Вместо родовой аристократии теперь была аристократия финансовая. Халифат контор, деспотизм улицы Сантье, тирания торгашей, узколобых, тщеславных и лживых.
Более злодейская и подлая, чем разорившееся дворянство и опустившееся духовенство, буржуазия заимствовала у них пустое тщеславие, дряхлое чванство, которые она еще усилила своим неумением жить, переняв их недостатки, превратив их в прикрытые лицемерием пороки; властолюбивая и подлая, лживая и трусливая, она без сожаления расправлялась с необходимым ей обманутым простолюдином, которого, когда ей было выгодно, натравила на прежних хозяев жизни!
Это очевидно, что, использовав народ, высосав его кровь и соки, буржуа, веселый, успокоенный, с силой своих денег и заразой своей глупости, почувствовал себя хозяином народа, который уже окончил свое дело. Результатом стало подавление всякой интеллигентности, отрицание честности, убийство искусства; униженные художники преклонились перед новым хозяином и лизали смердящие ноги высокомерных маклаков и низких сатрапов, милостынями которых они жили!

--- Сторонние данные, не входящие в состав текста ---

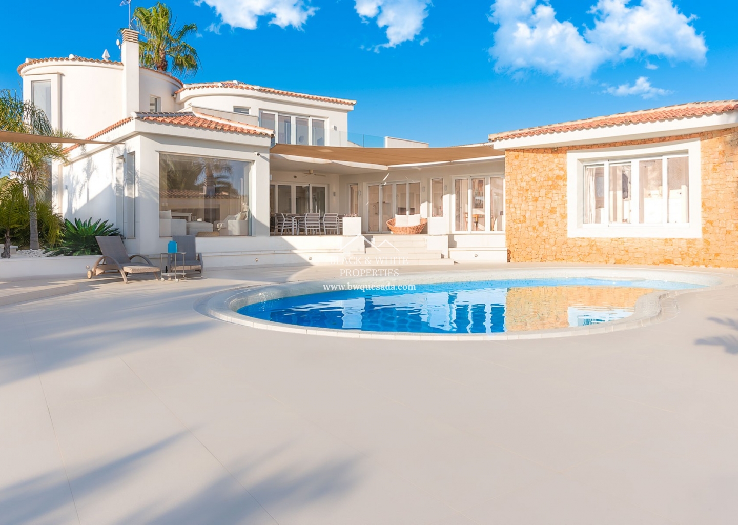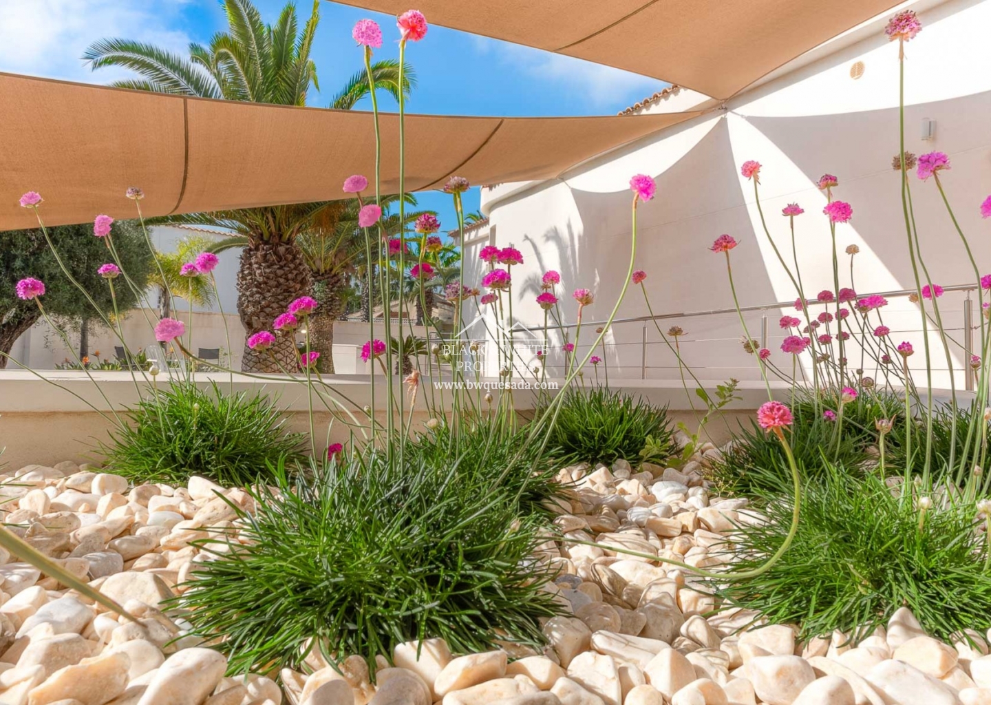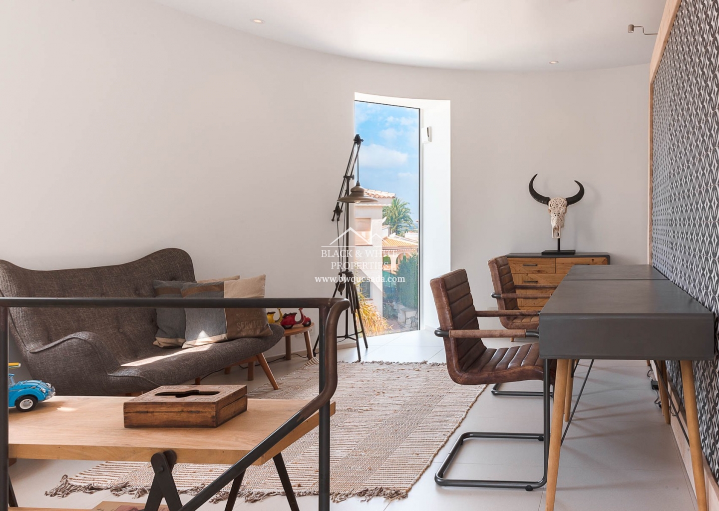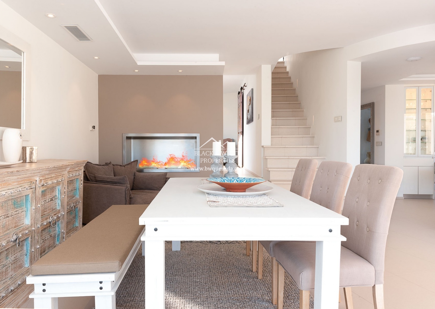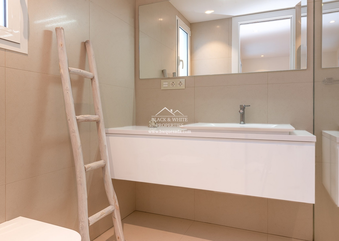 Atractiva villa completamente reformada en el centro de Ciudad Quesada, Rojales. Esta casa de lujo tiene condiciones de sol únicas y no es una propiedad sin vistas. La parcela tiene 2.244 m2 y está muy bien plantada con palmeras, árboles frutales y olivos. El propietario ha mantenido el estilo encantador de la casa, lo que le da a la vivienda un carácter distintivo de ser un hogar. Hay 2 cocinas exteriores completas, a cada lado de la piscina. Podrás desplazarte según las condiciones de sol tanto en verano como en invierno, si quieres sol de mañana y/o sol de tarde. En la casa principal hay 3 dormitorios repartidos en 2 plantas. También garaje con una habitación arriba, con terraza con preciosas vistas. En el jardín hay una gran piscina preciosa de agua salada de 6x12m, con azulejos claros que dan una cálida sensación de nadar en el Mar Caribe. Precioso por la noche con iluminación. En la parte principal se accede a un vestíbulo de entrada y luego a una cocina moderna y luminosa con grandes ventanales dobles franceses que se abren a la enorme terraza. Luego tienes una zona de comedor y un grupo de sofás con vistas directas a la zona de la piscina. En la misma planta hay una amplia sala de TV. En el primer piso hay una oficina con vestidor, luego llega al pasillo y al dormitorio con ducha y WC separado. Desde la terraza se puede disfrutar del maravilloso sol de la mañana. En la segunda parte de la casa tienes 2 dormitorios y 2 baños. Hay grandes ventanales dobles tanto al salón como al dormitorio y al baño. Uno de los baños tiene ducha y bañera de hidromasaje. Junto al baño hay grandes puertas correderas de cristal que se pueden abrir completamente. Aquí podrá disfrutar de la vista del área de la piscina, especialmente por la noche, cuando toda la iluminación está encendida tanto en la piscina como en el jardín. Junto a la terraza exterior del salón y la cocina, se encuentran grandes azulejos luminosos de alta calidad en porcelánico. Los mismos azulejos también se pueden encontrar en ambas cocinas exteriores, junto a la zona de la piscina y junto al espacio para guardar los muebles del jardín.

Вялое ничтожество затопило живопись, а литературу – невоздержанность плоского стиля и жалких идей, которой нужна была честность в аферисте, добродетель в флибустьере, который ищет приданого для своего сына и отказывается дать его за дочерью; целомудренная любовь – в вольтерианце, который обвиняет духовенство в насилиях, а сам глупо и лицемерно, без истинного искусства разврата, уходит в темные комнаты вдыхать сальную воду из лоханок и дурную болезнь из грязных юбок. Большой американский острог, перенесенный на материк; необъятное, глубокое, неизмеримое невежество капиталиста и выскочки, сияющего, как гнусное солнце, над идолопоклонническим городом, извергающим непристойные гимны, павши ниц перед нечестивой скинией банков!
– Разрушайся же, общество! умирай, старый свет! – воскликнул дез Эссент, возмущенный позором представившееся ему зрелища; это восклицание разрушило угнетавший его кошмар.
«Ах! – подумал он, – это не сон! ведь я должен войти в гнусную, рабскую суматоху века!»